(RTTNews) – Ahead of the long break for the Lunar New Year, the Hong Kong stock market had moved lower in two straight sessions, tumbling more than 750 points or 3 percent along the way. The Hang Seng Index now sits just above the 23,550-point plateau and it’s expected to open in the green on Friday.
The global forecast for the Asian markets is soft with profit taking expected, especially among technology stocks. The European and U.S. markets were down and the Asian markets figure to open in similar fashion, although Hong Kong may open higher as it catches up on missed positive sentiment.
The Hang Seng finished sharply lower on Friday following losses from the financials, properties, casinos and technology stocks.
For the day, the index tumbled 256.92 points or 1.08 percent to finish at 23,550.08 after trading between 23,507.03 and 23,848.02.
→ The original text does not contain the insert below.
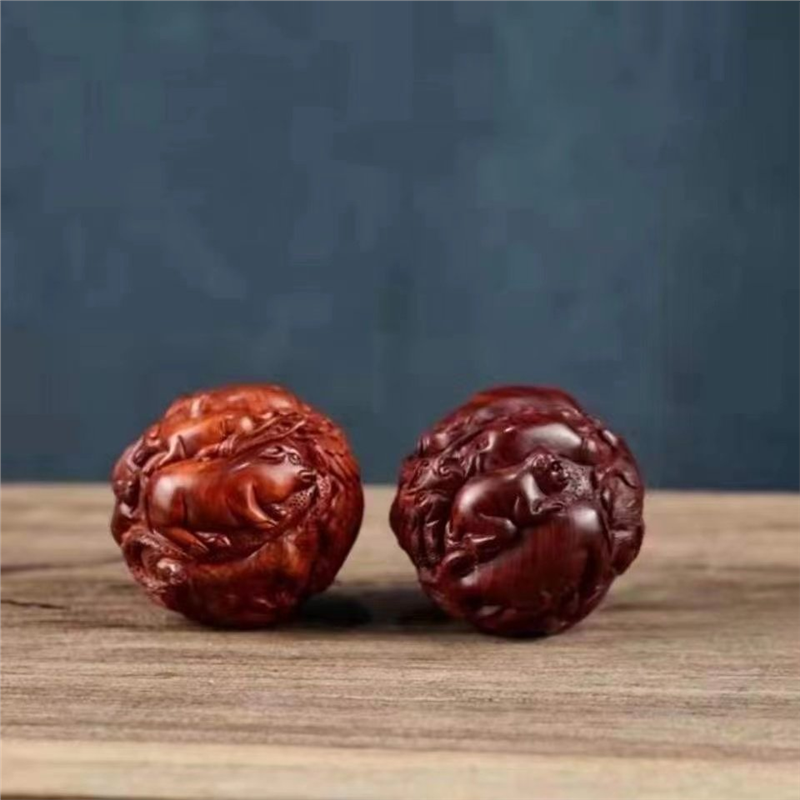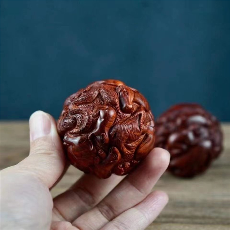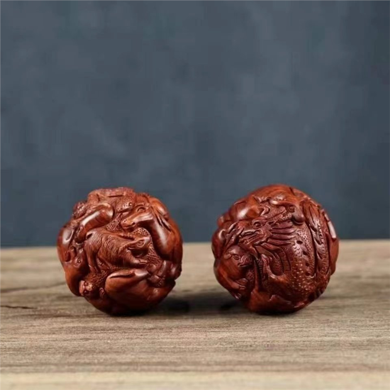 黄花梨十二生肖手球 实木雕刻保健按摩球45mm 中式文玩健身球

Among the actives, AAC Technologies advanced 0.85 percent, while AIA Group plummeted 4.04 percent, Alibaba Group jumped 1.38 percent, Alibaba Health Info and China Life Insurance both slumped 1.17 percent, ANTA Sports skidded 1.53 percent, China Mengniu Dairy weakened 1.18 percent, China Resources Land dropped 0.68 percent, CITIC declined 1.82 percent, CNOOC and CLP both added 0.32 percent, Country Garden climbed 0.98 percent, CSPC Pharmaceutical rose 0.22 percent, Galaxy Entertainment fell 0.54 percent, Henderson Land retreated 1.73 percent, Hong Kong & China Gas lost 0.66 percent, Industrial and Commercial Bank of China sank 0.85 percent, JD.com surrendered 3.20 percent, Li Ning gained 0.27 percent, Longfor was up 0.11 percent, Meituan shed 0.67 percent, New World Development slid 0.47 percent, Techtronic Industries tanked 3.73 percent, Xiaomi Corporation stumbled 1.33 percent, WuXi Biologics plunged 3.76 percent and China Petroleum and Chemical (Sinopec) and Hang Lung Properties were unchanged.
The lead from Wall Street is broadly negative as the major averages opened sharply lower on Thursday and stayed that way throughout the session, ending a four-day winning streak.
The Dow plunged 518.17 points or 1.45 percent to finish at 35,111.16, while the NASDAQ plummeted 538.73 points or 3.74 percent to end at 13,878.82 and the S&P tumbled 111.94 points or 2.44 percent to close at 4,477.44.
A steep drop by Meta (FB) weighed on the tech sector, with the Facebook parent plunging nearly 27 percent, and hitting its lowest intraday level in well over a year after reporting weaker than expected Q4 earnings and disappointing revenue guidance for the current quarter.
Several other social media stocks, including Snap and Twitter, tumbled as well. Weak earnings updates from other companies like Honeywell (down more than 7 percent) and Spotify (down nearly 17 percent) also weighed on sentiment.
In economic news, the Labor Department noted a modest decrease by first-time claims for U.S. unemployment benefits last week. Also, the Institute for Supply Management noted a continued slowdown in the pace of growth in U.S. service sector activity in January.
Crude oil prices surged on Thursday as concerns about possible supply disruptions outweighed OPEC’s decision to increase crude output in March. Geopolitical concerns in Eastern Europe and the Middle East have raised concerns about supplies. West Texas Intermediate Crude oil futures for March ended higher by $2.01 or 2.3 percent at a seven-year high $90.27 a barrel.